RAID Array Offline: Symptoms, Diagnosis & Fixes

The parachute didn't open. The array isn't running on borrowed time — it's already on the ground.

What It Is

An offline RAID array is one that can no longer assemble itself, so it serves nothing. The filesystem won't mount, every database and app that lived on it is down, and the data sitting on the surviving disks is right there — intact, on the platters — and completely unreachable, because the array that stitched it together refuses to start. People search for this under a handful of names: an inactive array, an array that won't assemble, the array offline, mdadm inactive. They're all the same wall.

It helps to put this next to its quieter cousin, because the two get confused constantly and the difference is the whole story. A degraded array has lost a disk but is still serving data — it kept its promise, dropped the dead member, and ran on what was left. That's the survivable one, the one you fix at your leisure (don't, but you could). This page is the other side of that coin: the array that has lost one disk too many, so there isn't enough left to assemble at all. Degraded is the warning light. Offline is the crash.

Degraded Offline / inactive
Serving data? Yes, normally No — nothing mounts
/proc/mdstat active raidN ... [n/m] [U_] inactive ... sdb1[1](S)
Redundancy Reduced or zero Past tolerance — array won't run
The job Replace the disk, rebuild Re-assemble it, or restore from backup
Urgency Urgent (next failure is fatal) The fatal failure already happened

So before the diagnosis, the one piece of good news worth holding onto: inactive does not always mean lost. There are two completely different reasons an array goes offline, and they have wildly different endings. In the hopeful case the disks are fine — every member's data is intact — and the array simply failed to start itself after a reboot, a cable bump, or a controller hiccup; one mdadm command brings it straight back. In the hard case you genuinely lost more disks than the array could survive, and on a parity array that means the data is mathematically gone — no command recovers it, and the honest answer is your backup. The entire skill of this page is reading the disks well enough to know, with certainty, which of those two you're in before you touch anything. Let's get you there.

How You Notice

Offline is loud in a way degraded never is — the moment something tries to use the storage, it falls over. The signals, each with the command to confirm it on your own box:

  • A mount fails outright. The most common first contact. A mount at boot or by hand returns a flat refusal:

    mount /dev/md0 /data
    # mount: /data: special device /dev/md0 does not exist.
    #   — or —
    # mount: /data: can't read superblock on /dev/md0.
    

    The block device is missing or empty because the array behind it never came up. Anything in /etc/fstab pointing at that array can wedge the whole boot.

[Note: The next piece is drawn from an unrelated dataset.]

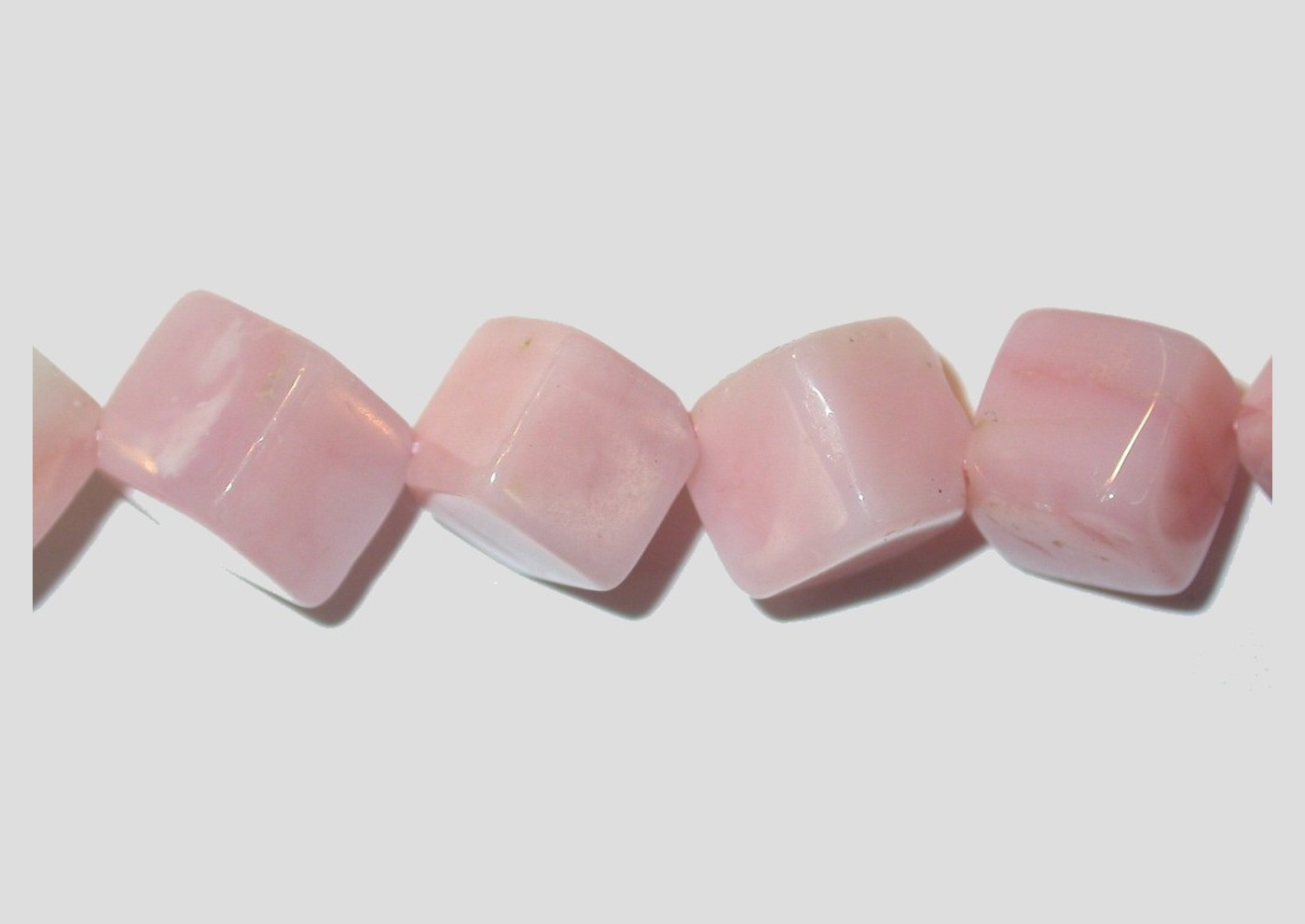 Pink Opal Cube – 38cm Strand. 8mm. Diagonally Drilled. Please contact us to purchase individual pieces.

  • The apps and databases on it are simply down. No slow degradation, no warning — the service that stores its data on the array won't start, or starts and immediately can't find its files. A web app throwing "data directory not found," a database refusing to open its tablespace: trace it back and you land here.

  • /proc/mdstat says inactive. The kernel's own live scoreboard, and the one file that names the problem out loud:

    cat /proc/mdstat
    

    A working array reads active raid5 ... [UUUU]. An offline one reads inactive with its members parked as spares — no personality, no [n/m] count, no [U_] map. The next section takes that readout apart token by token; it's the heart of the page.

  • The kernel logged the failed assembly. When mdadm tries to start an array and can't gather a quorum, it says so:

    dmesg -T | grep -iE "md/raid|md: |cannot start|not enough|kicking"
    journalctl -b | grep -iE "mdadm|md/raid|incrementally"
    

    Lines like md/raid:md0: not enough operational devices (2/4 failed) or md: md0 stopped are the kernel telling you, in plain text, exactly why it gave up. This log is where "the array won't come up" becomes "here's how many disks it's missing."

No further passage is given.